Patients who started treatment with fampridine from May 2014 to October 2014 were included. Primary and secondary outcomes were Timed 25-Foot Walk (T25FW) and MS Walking Scale-12 (MSWS-12) respectively, measured at baseline and 2 weeks, 3 and 6 months. Adherence was measured by the Morisky–Green questionnaire, patient satisfaction with a visual analogue scale (VAS) and QOL with improvement in mobility, self-care, daily activities, pain/discomfort or anxiety/depression.


30 patients (46.7% women) of mean age 39 years, mean MS duration 13.7 years, mean Expanded Disability Status Scale score 5.8, 57% with relapsing-remitting MS were included. 22 patients (73%) continued to take treatment throughout the study period. Two weeks after treatment initiation all measures improved significantly from baseline (T25FW: −7.5 s, p<0.05; MSWS-12: −36.7, p<0.05). At 6 months, walking speed and self-perceived walking ability were significantly improved (T25FW: −3.8 s, p<0.05; MSWS-12: −30.0, p<0.05). Adverse events were reported by 30% of patients. Seizures were registered in one patient. 70% of patients were adherent with treatment. Median (IQR) general satisfaction VAS score was 8 (7–9).
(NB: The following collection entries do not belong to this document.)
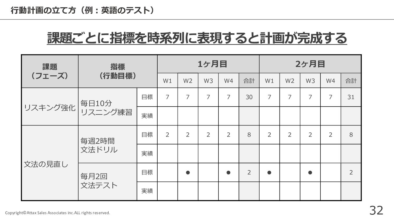 ⾏動計画の⽴て⽅(例︓英語のテスト) Copyright©Attax Sales Associates inc.ALL rights reserved. 32 2ヶ⽉目 1ヶ⽉目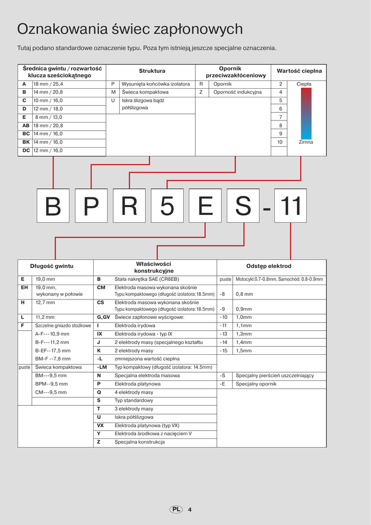 Oznakowania świec zapłonowych Tutaj podano standardowe oznaczenie typu. Poza tym istnieją jeszcze specjalne oznaczenia. Średnica gwintu / rozwartość klucza sześciokątnego Opornik przeciwzakłóceniowy Struktura Wartość cieplna A 18 mm / 25,4 P Wysunięta końcówka izolatora R Opornik 2 B 14 mm / 20,8 M Świeca kompaktowa Z Oporność indukcyjna 4 C 10 mm / 16,0 U D 12 mm / 18,0 Iskra ślizgowa bądź półślizgowa E 8 mm / 13,0 Ciepła 5 6 7 AB 18 mm / 20,8 8 BC 14 mm / 16,0 9 BK 14 mm / 16,0 10 Zimna DC 12 mm / 16,0 B P R 5 E S - 11 Właściwości konstrukcyjne Długość gwintu Odstęp elektrod E 19,0 mm B Stała nakrętka SAE (CR8EB) puste Motocykl:0.7-0.8mm, Samochód: 0.8-0.9mm EH 19,0 mm, wykonany w połowie CM Elektroda masowa wykonana skośnie Typu kompaktowego (długość izolatora:18.5mm) -8 0,8 mm H 12,7 mm CS Elektroda masowa wykonana skośnie Typu kompaktowego (długość izolatora:18.5mm) -9 0,9mm L 11,2 mm G,GV Świece zapłonowe wyścigowe: -10 1,0mm F puste Szczelne gniazdo stożkowe I Elektroda irydowa -11 1,1mm A-F---10,9 mm IX Elektroda irydowa - typ IX -13 1,3mm B-F---11,2 mm J 2 elektrody masy (specjalnego kształtu -14 1,4mm -15 1,5mm B-EF--17,5 mm K 2 elektrody masy BM-F --7,8 mm -L zmniejszona wartość cieplna Świeca kompaktowa -LM Typ kompaktowy (długość izolatora: 14.5mm) BM---9,5 mm N Specjalna elektroda masowa -S Specjalny pierścień uszczelniający BPM--9,5 mm P Elektroda platynowa -E Specjalny opornik CM---9,5 mm Q 4 elektrody masy S Typ standardowy T 3 elektrody masy U Iskra półślizgowa VX Elektroda platynowa (typ VX) Y Elektroda środkowa z nacięciem V Z Specjalna konstrukcja PL 4 Oznakowania świec zapłonowych Tutaj podano standardowe oznaczenie typu. Poza tym istnieją jeszcze specjalne oznaczenia. Wymiary gwintów i rozwartość klucza sześciokątnego Typ świecy D Wysoka zdolność zapłonu, Podwójne, cienkie elektrody KA I Świeca irydowa KB L Długi gwint MA P Świeca platynowa NA S Wysoka zdolność zapłonu, kwadratowe końcówki elektrod Zwiększony odstep elektrod Ø12.0 19,0mm Pierścień uszczelniający 14,0 Ø12.0 19,0 mm Pierścień uszczelniający Bi-Hex 14.0 Ø10.0 19,0 mm Pierścień uszczelniający 14,0 Ø12.0 17,5 mm Szczelne gniazdo stożkowe 14,0 F Ø14.0 19,0 mm Pierścień uszczelniający 16,0 G Ø14.0 19,0 mm Pierścień uszczelniający 20,8 Powyższe oznaczenia J Ø12.0 19,0 mm Pierścień uszczelniający 18,0 mogą być łączone K Ø12.0 19,0 mm Pierścień uszczelniający 16,0 np. ILFR…, PLZFR… L Ø10.0 12,7 mm Pierścień uszczelniający 16,0 "L", oznacza szczególnie długi gwint i znajduje M Ø10.0 19,0 mm Pierścień uszczelniający 16,0 się przed wszystkimi innymi T Ø14.0 17,5 mm Szczelne gniazdo stożkowe 16,0 literami oznaczenia długości. U Ø14.0 11,2 mm Szczelne gniazdo stożkowe 16,0 n.p. W Ø18.0 10,9 mm Szczelne gniazdo stożkowe 20,8 • świeca z pierścieniem uszczelniającym X Ø14.0 9,5 mm Pierścień uszczelniający 20,8 Y Ø14.0 11,.2 mm Szczelne gniazdo stożkowe 16,0 Z FR5AP-11; długość gwintu 19.0mm LFR5AP-11; długość gwintu 26.5mm • świeca ze szczelnym gniazdem stożkowym PTR5C-13; długość gwintu 17.5mm PLTR6A-10G; długość gwintu 25.0mm P F R 5 A - 11 Opornik przeciwzakłóceniowy R Opornik Wartość cieplna 2 Konstrukcja Ciepła A,B,C… kod przyrostka 4 Cechy specjalne 5 Świeca irydowa (jedna elektroda) 6 I 7 P Świeca platynowa (jedna elektroda) 8 9 10 Zimna PL 5 Odstęp elektrod puste Motocykl: 0,7-0,8mm Samochód: 0.8-0.9mm - 7 0,7 mm - 9 0,9 mm -10 1,0 mm -11 1,1 mm -13 1,3 mm -14 1,4 mm -15 1,5 mm -A brak pierścienia uszczelniającego -D specjalna obudowa ulepszana cieplnie -E Specjalny opornik -G Elektroda masy z rdzeniem miedzianym -H Gwint specjalny -J 2 elektrody masy -K Elektroda masy zabezpieczona przed drganiami -N Specjalna elektroda masy -Q 4 elektrody masowe -S Specjalny pierścień uszczelniający -T 3 elektrody masy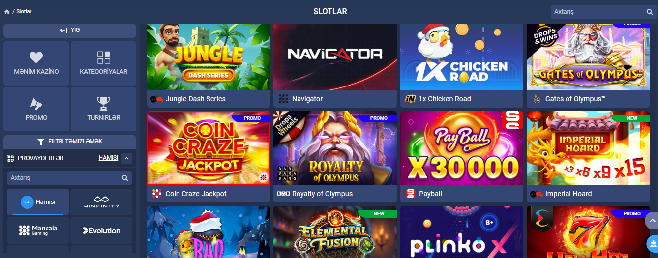 Minlərlə slot oyunu: Kazinonun oyun kataloqu Azərbaycanda ən böyüklərdən biri olmağa iddialıdır. Burada ən müxtəlif provayderlərdən 10,000+ slot seçimi mövcuddur.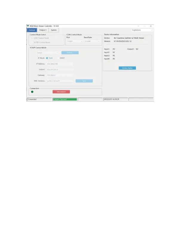 ① Control Mode Select: Select the “COM Control Mode”. (TCP/IP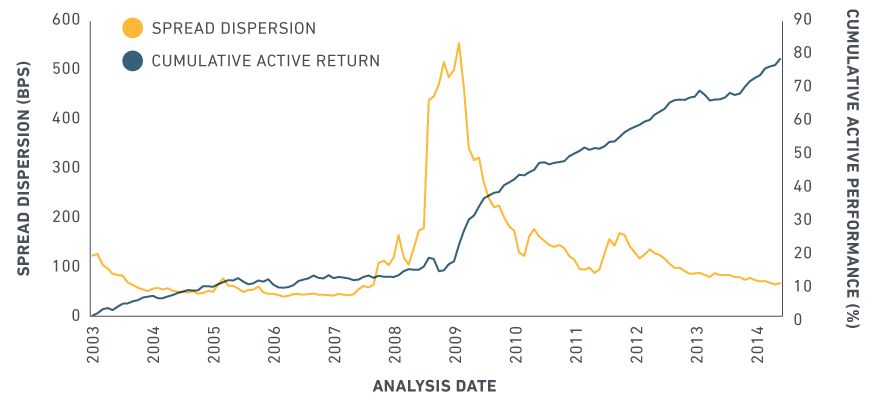 Understanding the performance of credit portfolios is essential in explaining a strategy's merits to clients and prospects. At the same time, analysts need to comprehend the portfolio's exposure to different sources of risk, identify unintended bets and clearly communicate risk forecasts. Integrating these processes to achieve a coherent, side-by-side attribution of both risk and return creates a powerful analytical tool. In a case study using BarraOne, we focus on a hypothetical corporate bond portfolio that uses a credit value strategy. The strategy aims to capitalize on credit risk exposure by selecting the bond with the largest spread from each duration-by-rating group in the benchmark. We assume that a bond with a high spread compared to similar bonds in its group will see its spread decrease and will mean revert towards the group average. Thus, the strategy aims to pick up alpha from spread return as spreads tighten on selected bonds (and their prices increase). In our analysis, we showed that the credit value strategy would have outperformed greatly from January 2003 to March 2014 and that performance improved significantly when the spread dispersion was greatest (see exhibit).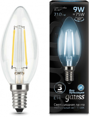 Лампа филам. Gauss Filament 9Вт цок.:E14 свеча 220B 4100K св.свеч.бел.ней.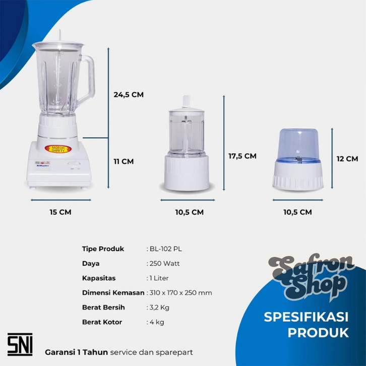 MIYAKO BLENDER BL102 PL / BL 102 PL / BL-102 PL / BL 102PL (PLASTIK / 1 LITER) GARANSI RESMI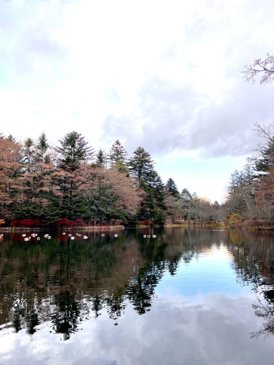 軽井沢に「六本辻交差点」という円形の交差点があります。つまりイギリスでよく見られるラウンドアバウトのことです。その近くに雲場池という小さな池があり、水面に映る四季折々の自然が美しい場所なのです。すでに紅葉は終わり、裸ん坊に近い景色ではありますが、日が暮れぬうちに初雪の軽井沢を目に収めたくて散歩に出かけました。ロマンチックでしたが… 寒すぎでした。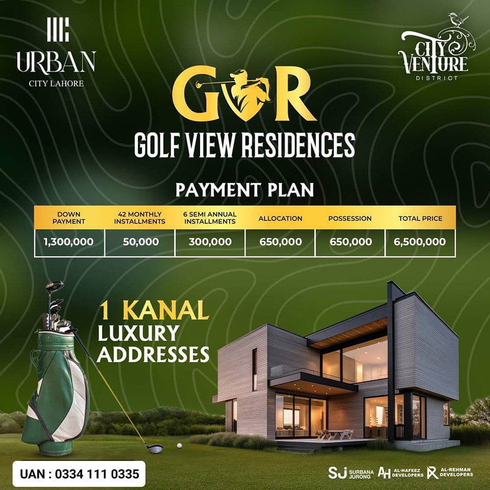 Urban City Lahore is offering Golf Course Facing Luxury One Kanal Plots in Golf View Residences at Prime Location of Lahore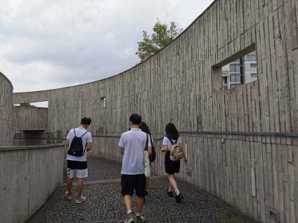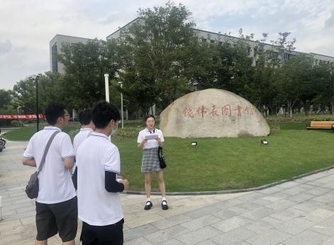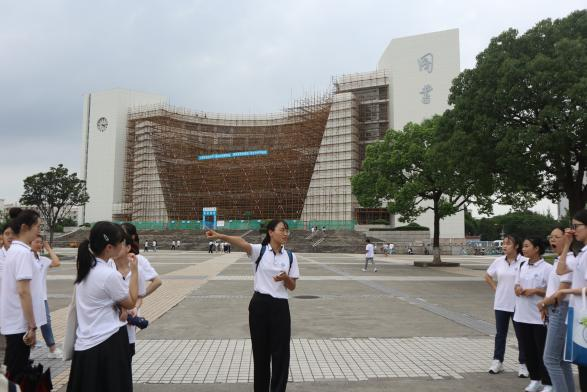 泮池一词取自天下孔庙都有名为“泮池”的池塘,出自于老校长钱伟长先生之手。一弯月牙形的池水从A楼延伸至图书馆后。池上立着泮湖,泮桥边树立着一块石碑,上面有著名社会学家费孝通先生所写的“泮池观鱼"四个大字,是ok138cn太阳集团十大景观之一。在打卡完泮池之后,同学们又相继游览了校本部图书馆、钱伟长图书馆和社院大楼等等地标。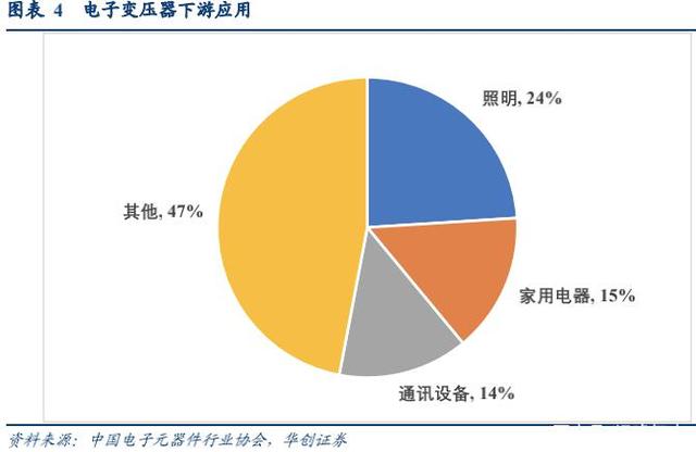 照明、家電為基,新能源、工控醫(yī)療、可穿戴驅(qū)動(dòng)電子變壓器發(fā)展。照明、家電是電子變壓器基礎(chǔ)應(yīng)用市場,占全球變壓器規(guī)模比例分別為 24%、15%。此外,通訊設(shè)備、移動(dòng)終端、計(jì)算機(jī)設(shè)備、工業(yè)、醫(yī)療設(shè)備、光伏等新能源均為電子變壓器重要下游應(yīng)用。未來幾年下游光伏儲能、新能源汽車及充電樁、工控醫(yī)療、通訊、可穿戴等快速發(fā)展,將成為拉動(dòng)電子變壓器市場增長的主要?jiǎng)恿Α?/span>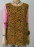 Demonstrated is a classy bib apron in bright colored appearance.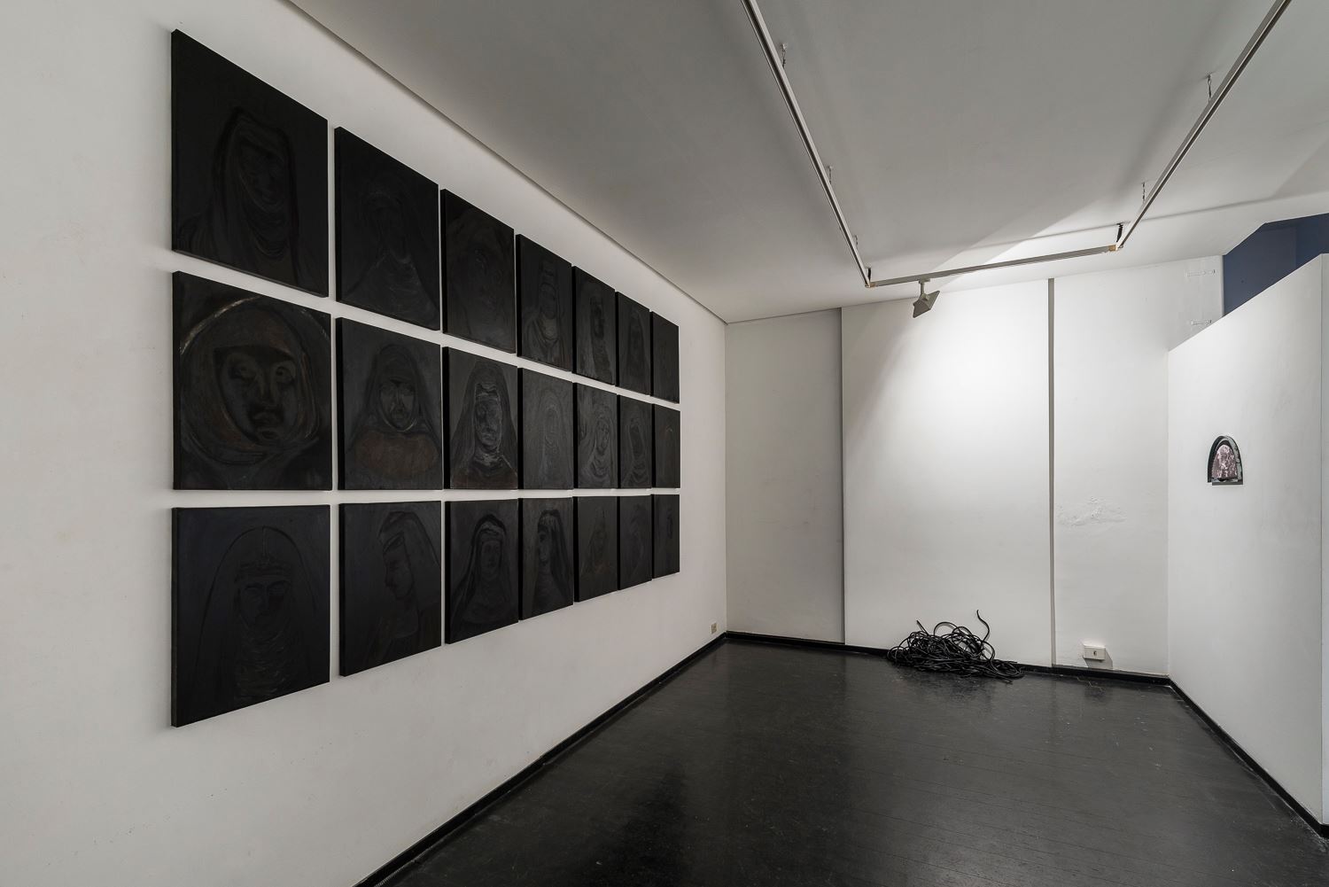 Ventuno suore e un groviglio di viscere di liquirizia sono i poli d’attrazione delle storie nere di Rita Mandolini nella mostra “Disturbo di comprensione” che chiude oggi a Roma, ospitata dall’associazione Operatori Culturali Flaminia 58 e curata da Diletta Borromeo. Una personale intimamente femminile, una sorta di autoritratto scomposto, uno scandaglio interiore che sfida il visibile, il limite degli occhi. Il titolo, spiega la curatrice, allude al «meccanismo psichico e psicosomatico causato da fattori mentali quali lo stress e il conflitto” che “dà luogo a fenomeni che esprimono chiaramente ciò che fino a quel momento è stato celato, invisibile ad occhi esterni».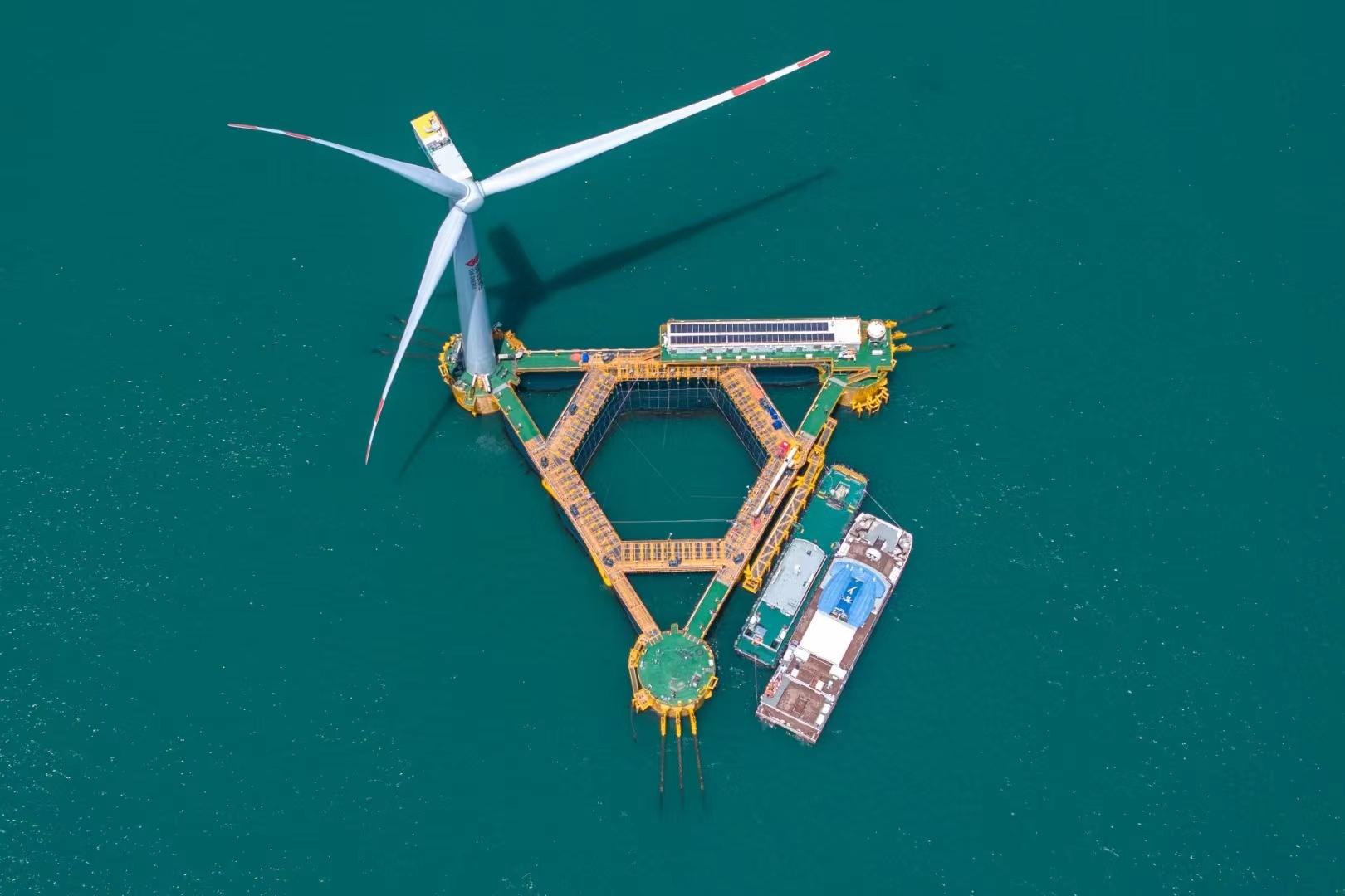 “4兆瓦风电机组在满功率运行状态下一天可发电9.6万千瓦时,约能满足4.2万人一天的生活用电需求;一个养殖周期的鱼品收入可达到数百万元。”该负责人表示,这个平台是深远海漂浮式风电与渔业养殖一体化设计概念在世界范围内的首次创新实践,风、光、渔相融合,实现了海洋空间集约利用、跨产业融合发展。

Patients reported an improvement in mobility (70%), anxiety/depression (33.3%), self-care (23.3%), daily activities (23.3%) and pain/discomfort (3.3%).


Fampridine is effective and safe in patients with MS in real clinical practice up to 6 months. Adherence to treatment was suboptimal but patients' general satisfaction was high and fampridine improved several items of QOL.